As the dominant IT service company in Vietnam with over 48,000 staff and almost $2.2 billion in annual revenue, FPT spreads its interests across telecoms, datacenter hosting, software development and, increasingly, AI. Its presence is hard to miss when travelling through the country, and the company even presides over universities that feed into the national plan to become a digital leader.
Linus Lai, chief analyst of IDC in the ANZ region, applauds Vietnam’s progress, fuelled by FPT’s software development capabilities, and its advances in LLMs and gen AI.
“It seems FPT has a high concentration of PhDs, led by chief AI officer Nguyen Xuan Phong,” he says. “FPT claims to be the number-one AI center in Vietnam, staffed by 1,000 AI professionals. They’ve also recently reached an agreement with Nvidia and have the largest Nvidia cluster in Southeast Asia with up to 400 teraflops of performance.”
The story of Vietnam this century is one of rapid progress on the back of a determined attempt to modernize since joining the World Trade Organization in 2008. Electronics exports have boomed and one next wave may be R&D and a rising relevance in higher-margin IT services.

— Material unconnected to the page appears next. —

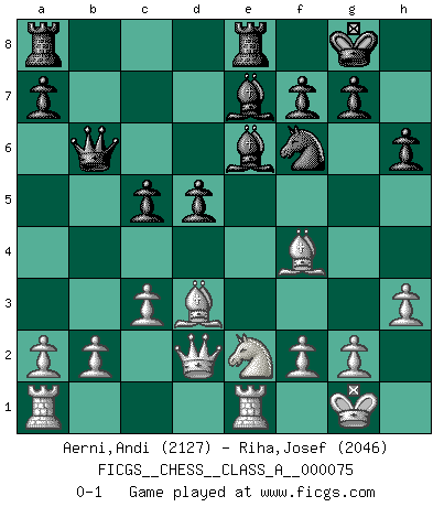 Last move : 0-1 2010 October 25 10:21:6 [Event "FICGS__CHESS__CLASS_A__000075"] [Site "FICGS"] [Date "2010.08.04"] [Round "1"] [White "Aerni,Andi"] [Black "Riha,Josef"] [Result "0-1"] [WhiteElo "2127"] [BlackElo "2046"] 1.e4 e5 2.Nf3 Nc6 3.Nc3 Nf6 4.d4 exd4 5.Nxd4 Bb4 6.Nxc6 bxc6 7.Bd3 d5 8.exd5 cxd5 9.Qe2+ Be7 10.O-O O-O 11.Re1 Re8 12.Bg5 Bg4 13.Qd2 c6 14.h3 Be6 15.Ne2 h6 16.Bf4 c5 17.c3 Qb6 0-1 This chess game has been lost on time (started : 2010.08.04 17:2:49) Four knights : Scotch, 4...exd4 Kingside Castling by player White (move 10) Kingside Castling by player Black (move 10) Player Black won this chess game. Follow this game move after move (download)We cannot resist the fascination of sacrifice, since a passion for sacrifices is part of a Chessplayer's nature. (Rudolf Spielman) Je mehr ich von der FIDE weiss, um so weniger verstehe ich. (Alexander Kalifman) De eso se trata el Ajedrez. Un día le das una lección a tu oponente y al día siguiente el te da una a tí. (Bobby Fischer) En blitz, le Cavalier l'emporte sur le Fou. (Vlastimil Hort) All the biggest technological inventions created by man - the airplane, the automobile, the computer - says little about his intelligence, but speaks volumes about his laziness. (Mark Kennedy)

“Where the Philippines largely majors in BPO, due to their mastery of the English language and close links to American interests, Vietnam has been open to external IT services trade with Japan, US, Europe, and its close neighbors,” adds Lai. “Based on its trajectory, we see similarities between Japan and Vietnam in its science and engineering capabilities. It’s beginning to differentiate itself on the global scale based on its openness in its business culture, and willingness to invest in research and development.”